Family communication about risk of hereditary breast/ovarian cancer

Authors: van Teijlingen, E., Forrest, K., Haites, N., Simpson, S.A., Wilson, B.J., McKee, L. and Matthews, E.

Conference: Cancer Genetics Group Annual Meeting

Dates: 13-14 May 2002


Background: Anecdotal evidence from genetic counselors suggests that the disclosure of genetic risk information to relatives can be problematic. Research undertaken into family communication about hereditary breast/ovarian cancer (HBOC) suggests that most counselees do pass on this risk information to some of their relatives, particularly with regards to the results of genetic tests.
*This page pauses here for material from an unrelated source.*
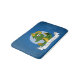 Diseño con un ilustracion de cabeza de un lindo dragón verde sosteniendo un huevo dorado, diseño en círculo azul sobre fondo azul; diseño de cuentos de hadas y fantasías para los niños; con la plantilla de texto de personalizable para su nombre o mensaje

However, if this type of risk information is withheld genetic counselors may need to determine whether they have a duty to pass this on, particularly where preventive action can be taken.

Methods: Interviews with people who had attended genetic counseling for risk of HBOC, and their partners.

The interviews explored whether different relatives had or had not been told their risk by consultants; the factors that influenced communication and views of who should tell.

Results: In total 20 interviews were conducted with women who were given a high, moderate or low risk, and with some of their partners. Data related to telling or not telling different relatives will be presented.

Respondents’ views about whose responsibility it is to pass on this type of information will also be explored.

Conclusion: Unsurprisingly, the disclosure of risk information about HBOC to relatives is highly gendered. The majority of participants believed it was a family’s responsibility to pass on this information. In general, the view was that family members should alert relatives of their risk then encourage them to attend genetic counseling for more accurate risk information, although there were a few notable exceptions.